■ Work to be completed
Exactly the lines from the one with "大会结束后,学校党外知识分子" through the final line of the entries, and nothing else, should appear in the answer; no pictures go in it.

··· Data supplied ···

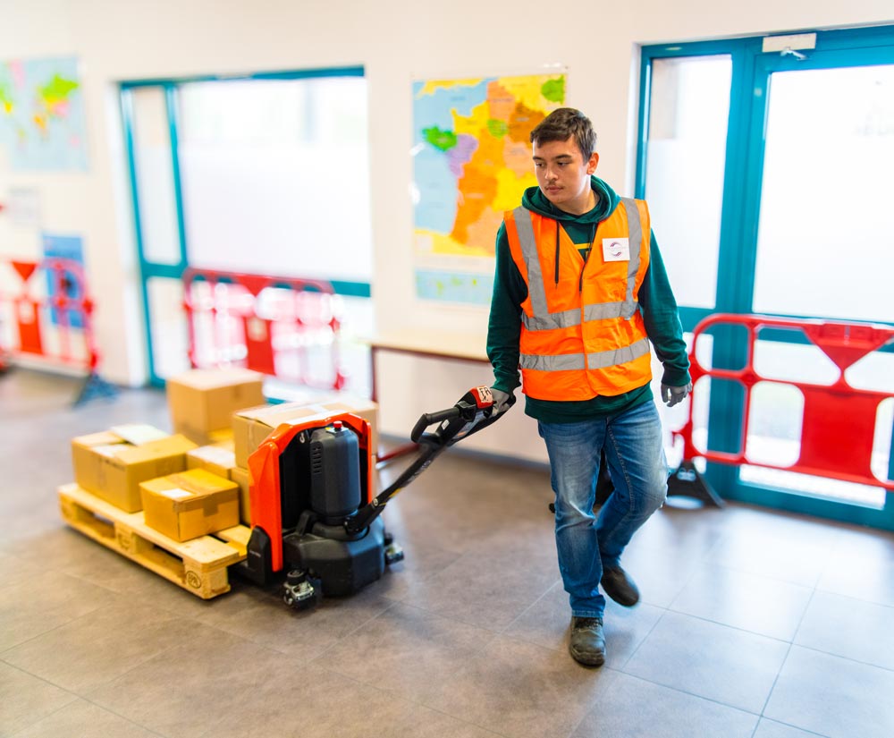 Une formation aux engins à conducteurs accompagnants sur le plateau technique du lycée avec des travaux pratiques des différents pôles (réception – préparation de commandes …)
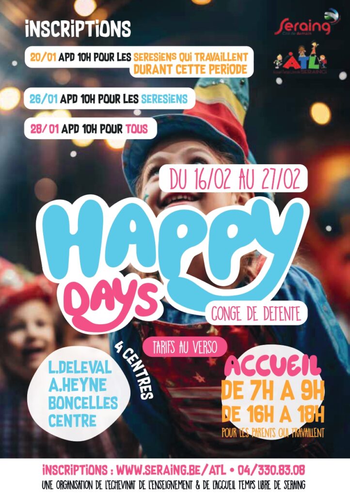 Bonne nouvelle ! Une nouvelle session d’Happy Days est prévue du 16 au 27 février prochains.
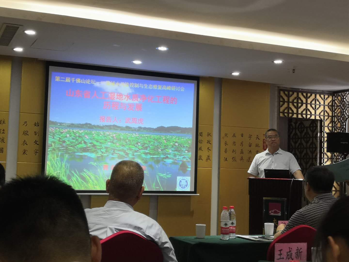 6月29日,由山东环境科学学会主办,山东省科公司等单位承办的“第二届千佛山论坛——流域水污染控制与生态修复高峰研讨会”在济南举行。会议邀请国内该领域的16位知名专家学者发表主题演讲。公司山东省有突出贡献的中青年专家、mk体育学术委员会主任、博士生导师武周虎教授,应邀作了题为《山东省人工湿地水质净化工程发展历程》的报告,武教授的研究生马景、李琪一同参加研讨会。
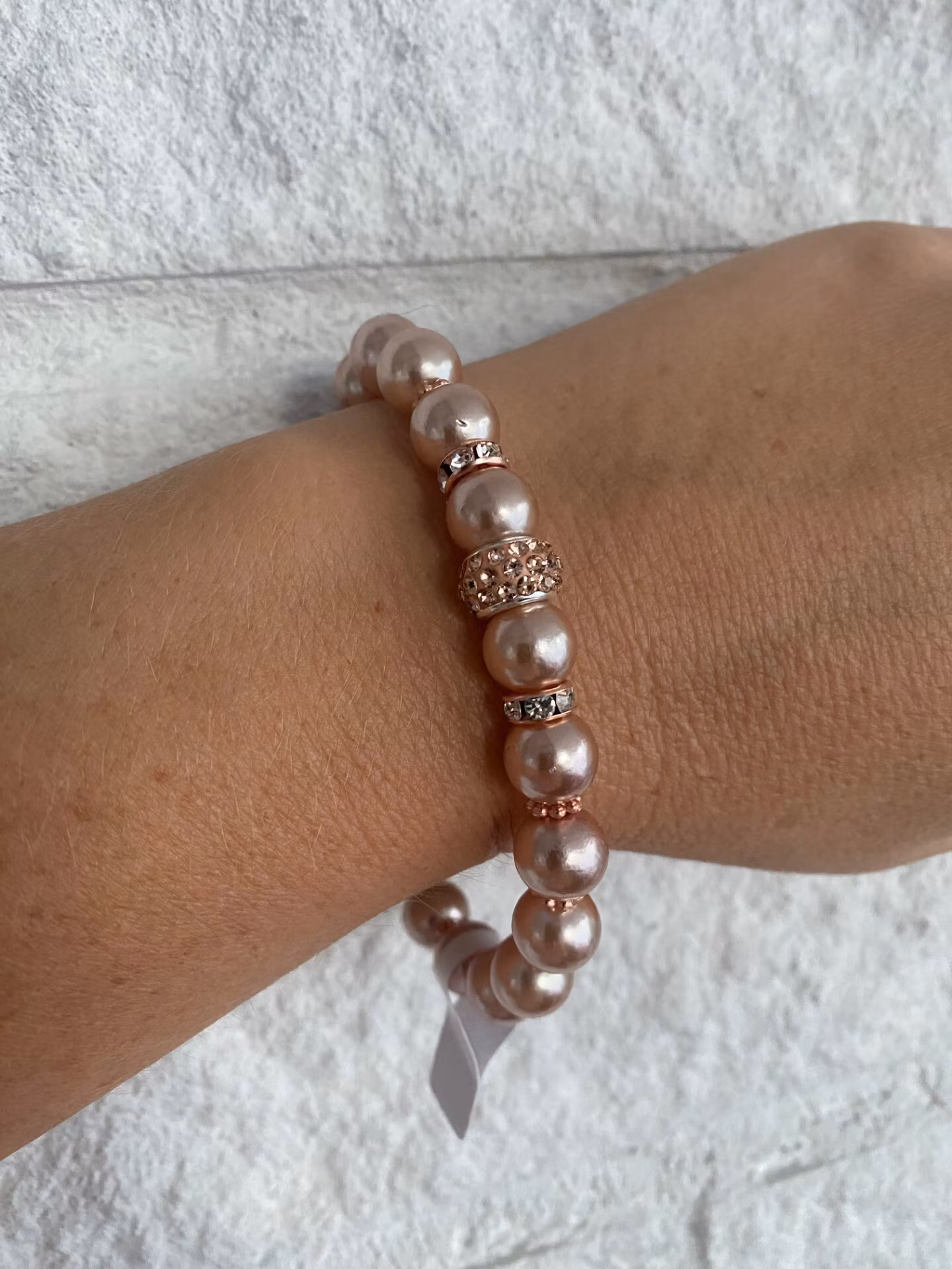 Vackert armband i champagnefärgade pärlor varvat med silverfärgade distanser och två vita oregelbundna sötvattenpärlor, strass och avslutspärla.Pärlor: 6mmVisas
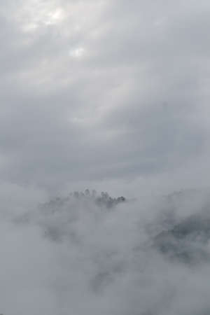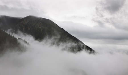Forested mountain slope in low lying cloud with the evergreen conifers shrouded in mist in a scenic landscape view
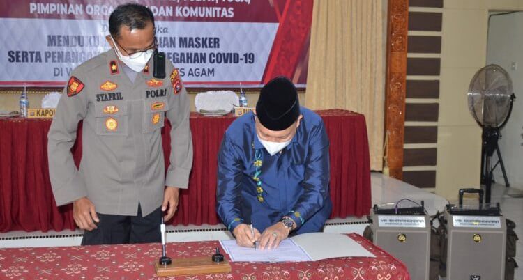 AGAM, METRO–Wakil Bupati Agam, Irwan Fikri menghadiri penandatanganan pakta integritas, dalam mendukung pemakaian masker serta penanganan dan pencegahan Covid-19 di wilayah hukum Polres Agam di Aula Wibisono, Polres Agam, Jumat (16/7).
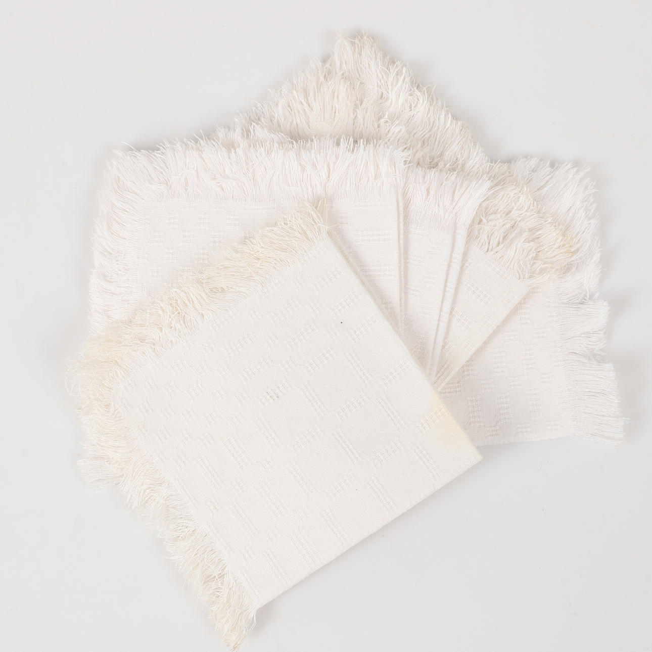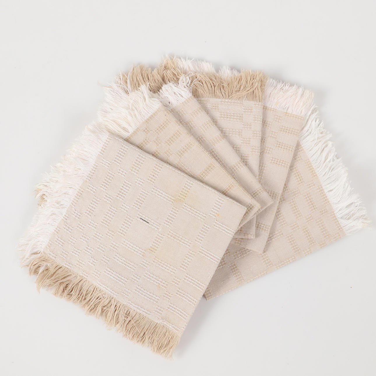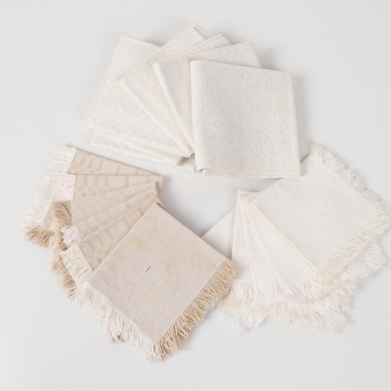 6 stycken linnedräll, ca 40 x 43 cm 6 vita med frans, ca 27 x 27 cm med frans 6 beige med frans, ca 27 x 27 cm med frans.
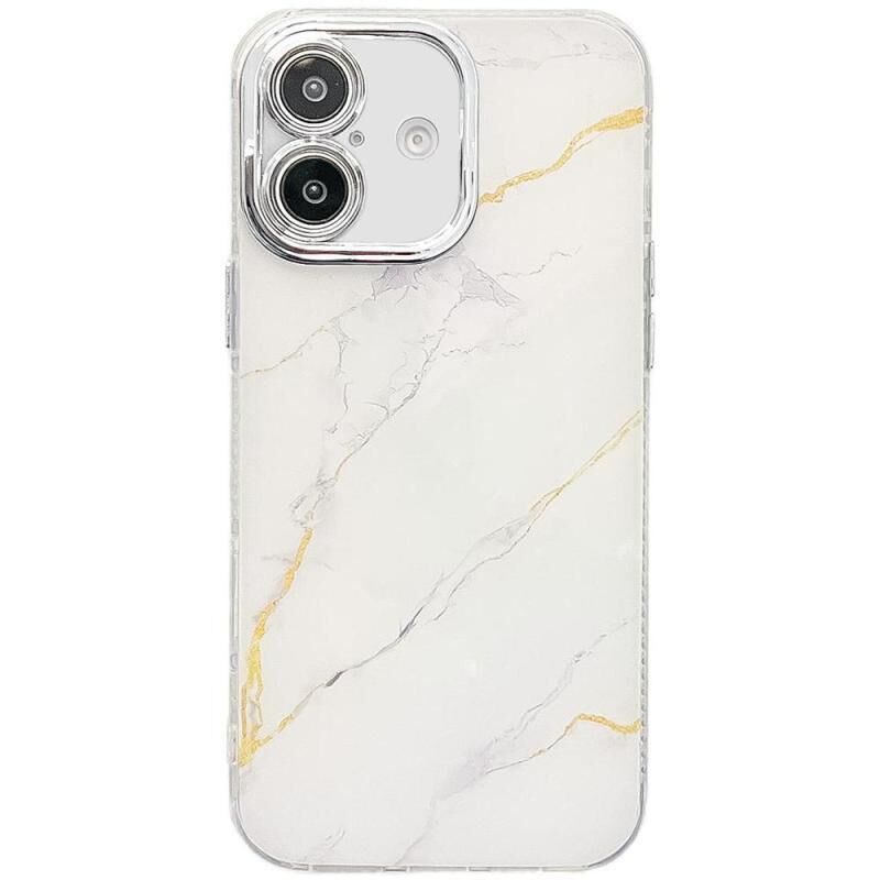 For iPhone 16 Plus Electroplated Marble Texture Phone Case(Gold White M1)
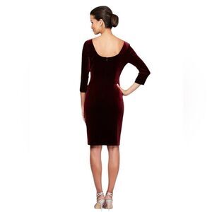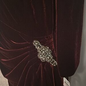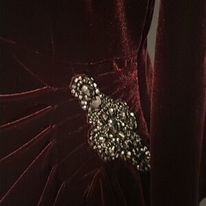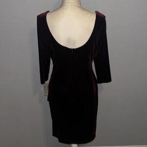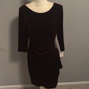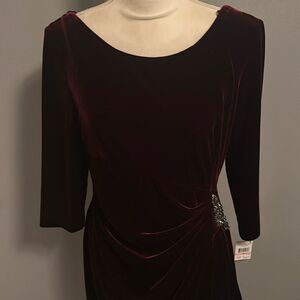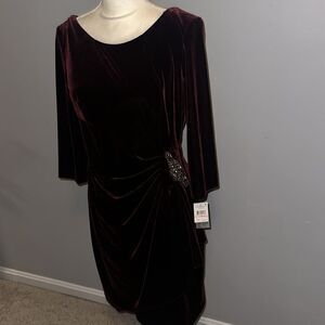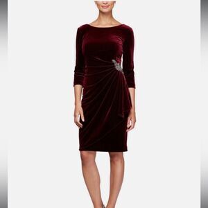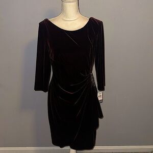 ALEX EVENINGS Stretch Velvet Ruched Petite Dress with Beaded Hip in the color wine!
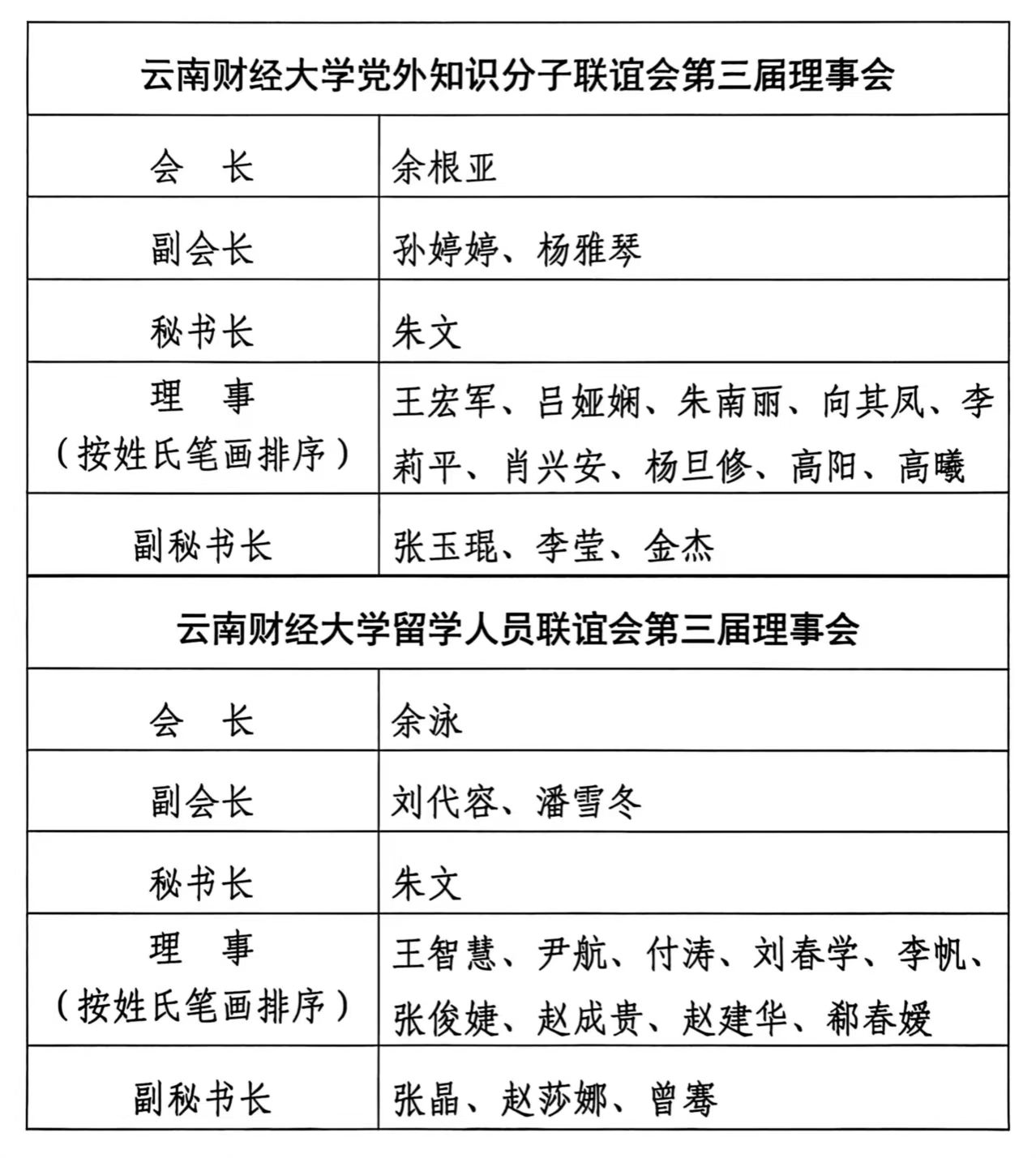大会结束后,学校党外知识分子联谊会、留学人员联谊会第三届理事会召开第一次会议,选举产生了新一届理事会会长、副会长、秘书长,选聘副秘书长。
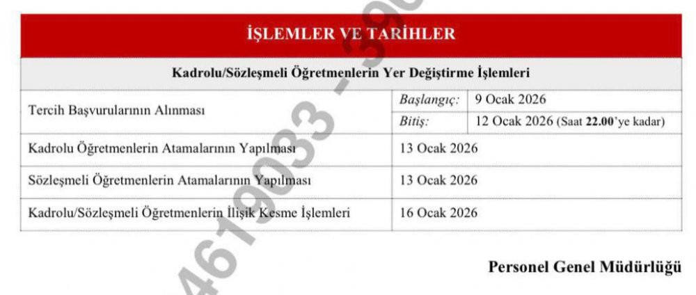 Yer değiştirme sonuçları 13 Ocak 2026 tarihinde ilan edilecek.
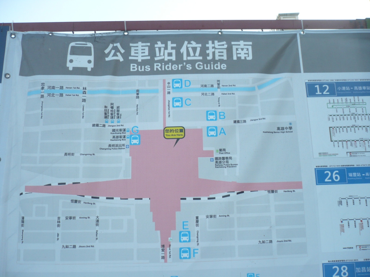 台鉄高雄火車駅前広場から出ていた公車(市バス)の乗降場が駅前広場工事のため4か所に分散しています。それらの位置が分かっていると無駄なく乗り場に行け能率的です。
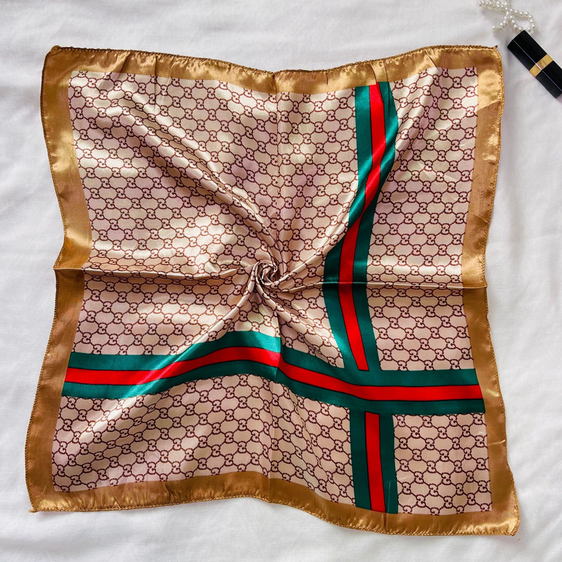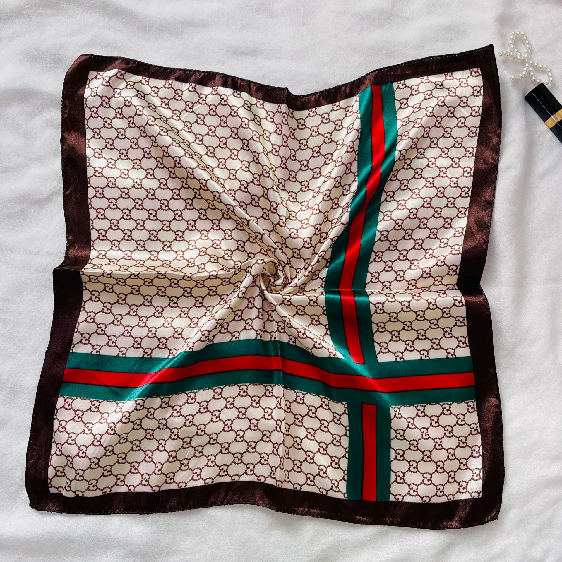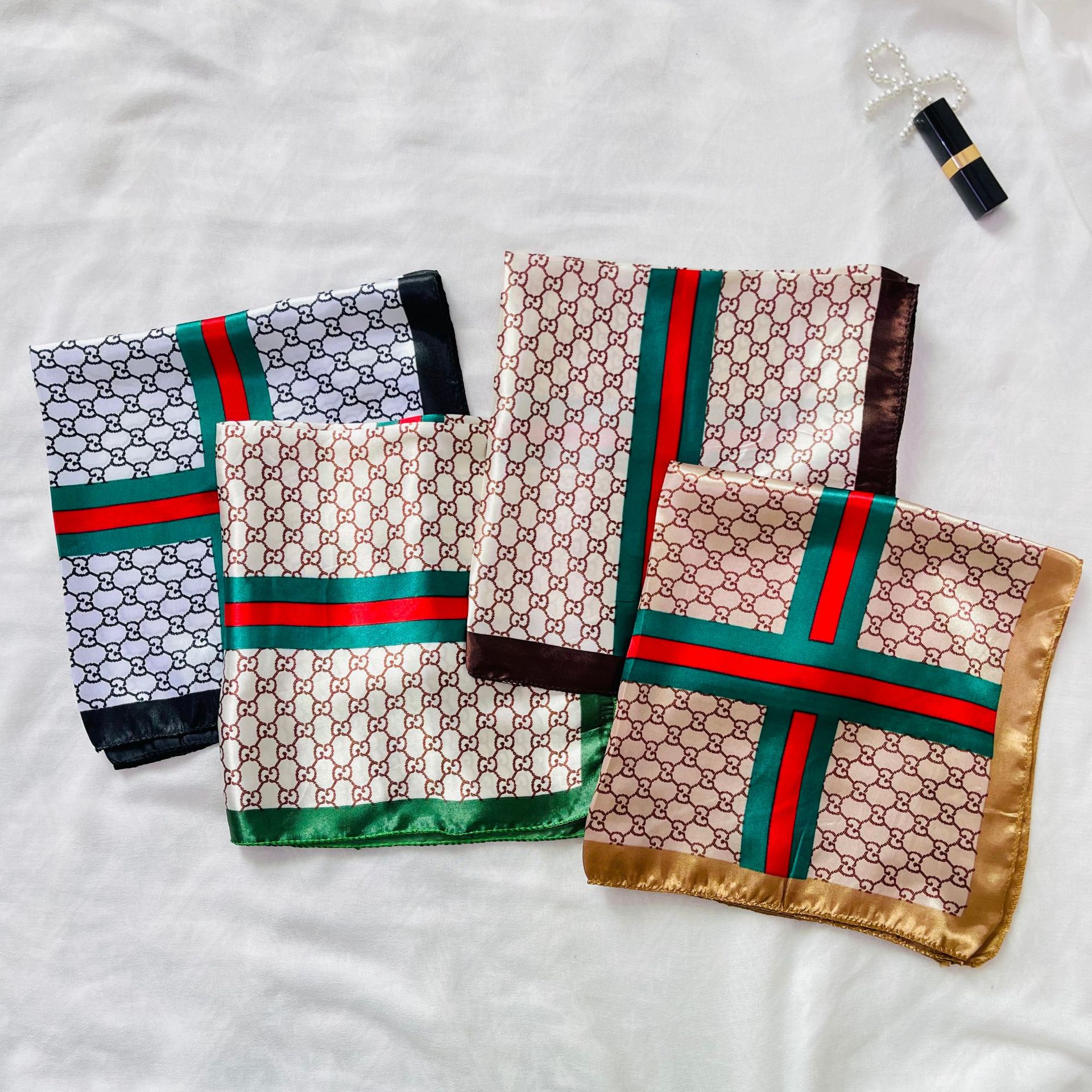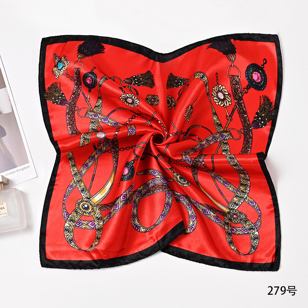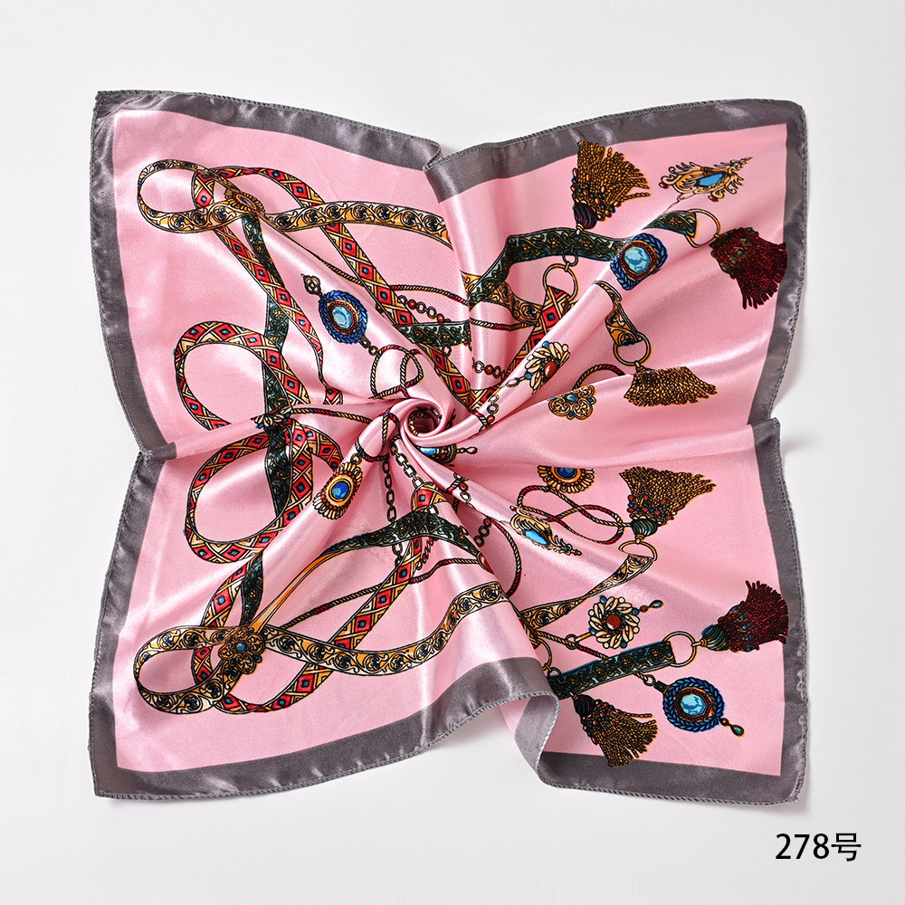여성을위한 크로스 보더 50cm 새틴 캐슈 플라워 스퀘어 스카프 봄, 여름 유럽과 미국의 스트리트 힙합 장식 실크 스카프 프린트 스카프

···

■ Your solution
大会结束后,学校党外知识分子联谊会、留学人员联谊会第三届理事会召开第一次会议,选举产生了新一届理事会会长、副会长、秘书长,选聘副秘书长。
 Yer değiştirme sonuçları 13 Ocak 2026 tarihinde ilan edilecek.
 台鉄高雄火車駅前広場から出ていた公車(市バス)の乗降場が駅前広場工事のため4か所に分散しています。それらの位置が分かっていると無駄なく乗り場に行け能率的です。
여성을위한 크로스 보더 50cm 새틴 캐슈 플라워 스퀘어 스카프 봄, 여름 유럽과 미국의 스트리트 힙합 장식 실크 스카프 프린트 스카프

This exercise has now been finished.